The structure and morphology of μRB scaffolds were characterized using SEM. For all three stiffnesses, the cross-linked μRB scaffolds exhibited highly interconnected macroporosity (Figure 2A). LIVE/DEAD staining at 24 h after cell encapsulation shows comparable levels of high cell viability and homogeneous cell distribution (Figure 2B). Although all three stiffnesses supported rapid cell attachment, μRBs with stiffnesses of 28 and 57 kPa showed more cell spreading compared to the soft μRBs (13 kPa) 24 h after encapsulation (Figure 2B). By day 7, F-actin staining showed all μRB formulations support extensive cell spreading (Figure 2C). Staining of ALP, an early osteogenesis marker, showed positive signals in all groups, with slightly enhanced signals observed in the intermediate and stiff μRB groups (Figure 2D).
3.3. All μRB Stiffnesses Showed Comparable Level of Mechanosensing but Differential Response in Osteogenesis.
qRT-PCR of mechanosensing genes showed comparable level of upregulation of RhoA and ROCK1 in all three μRB stiffnesses, suggesting cells sense all three formulations as a stiff substrate in a similar manner (Figure 3). The same trend was observed for RUNX2. The early osteogenic marker ALP showed the greatest relative fold change, with the intermediate stiffness μRB group exhibiting statistically higher upregulation than the other two groups. For more mature bone markers, Col I and ON, increasing μRB stiffness generally led to a stiffness-dependent upregulation (Figure 3).
3.4. All μRB Stiffnesses Support Collagen Deposition without Mineralization, And soft μRB Scaffolds Fail to Maintain Structural Integrity.
Although all groups started out with comparable size, significant degradation was observed in soft μRB groups and all samples were harvested by day 31 for histology before the acellular soft μRB group completely degraded. The MSC-containing soft μRB group contracted substantially into a small dense cell pellet (Figure 4A), suggesting soft μRBs were not able to resist contractile forces of encapsulated MSCs. Unlike the soft μRB group, the intermediate and stiff cellular μRB groups maintained structural integrity and exhibited increased opacity over time, with the highest opacity observed in the stiff μRB group (Figure 4A). Matrix deposition and morphology was further validated by SEM on day 31 for the intermediate group (Figure S2).
To visualize the amount and distribution of collagen deposition by MSCs, we performed Masson’s Trichrome staining. The acellular samples show the background staining from the gelatin μRBs, with interconnected macroporosity among all groups (Figure 4B). Such macroporosity was mostly filled up by cell-produced collagen in MSC-containing μRBs, with the highest intensity of collagen observed in the soft μRB group because of the substantially increased cell density from the sample contraction (Figure 4B). Higher-magnification highlights the robust and interconnected collagen matrix deposition throughout the scaffold. To examine mineralization in the μRB samples, we stained all scaffolds with ARS staining. Regardless of stiffness, all groups were negative for mineralization (Figure 4C). Higher magnification in the acellular samples suggested small amount of automineralization, but MSCs did not produce additional mineralization compared to acellular controls (Figure 4C). To determine whether MSCs also produced any cartilage, we performed safranin-O staining to visualize sulfated glycosaminoglycans. Negative results were observed in all groups, indicating no cartilage formation (Figure S3A). This was further confirmed by minimal staining for cartilage markers, type II and type X collagens (Figures S2B and S2C).

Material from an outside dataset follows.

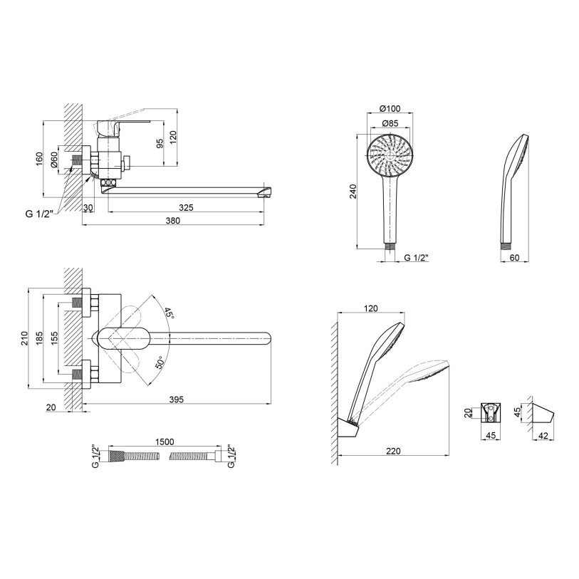 | Комплектация | Смеситель, лейка для ручного душа, душевой шланг, кронштейн для ручного душа, крепежи. |

3.5. Intermediate and Stiff μRBs Enabled Rapid Increase in Compressive Moduli of Tissue-Engineered Bone.
We next evaluate how varying μRB stiffness impacts the mechanical properties of engineered bone tissues using unconfined compression testing. At day 1, all groups exhibit comparable levels of compressive moduli regardless of the stiffness of individual μRBs (Figure 5). After 31 days of culture in osteogenic media, the compressive moduli of the acellular scaffolds decreased because of degradation. The biggest drop in compressive modulus was observed in acellular scaffolds made from soft μRBs, which decreased from 11 to 0.1 kPa. Unlike the acellular scaffolds, the compressive moduli of the MSC-seeded scaffolds increased significantly (Figure 5). Although only a mild increase was observed in the soft μRB + MSC group, both intermediate and stiff μRB groups exhibited a more than 10-fold increase in compressive moduli to 261 and 293 kPa, respectively. Given that the soft μRB +MSC group failed to maintain its size and integrity (Figure 4A), this formulation is not suitable for clinical application.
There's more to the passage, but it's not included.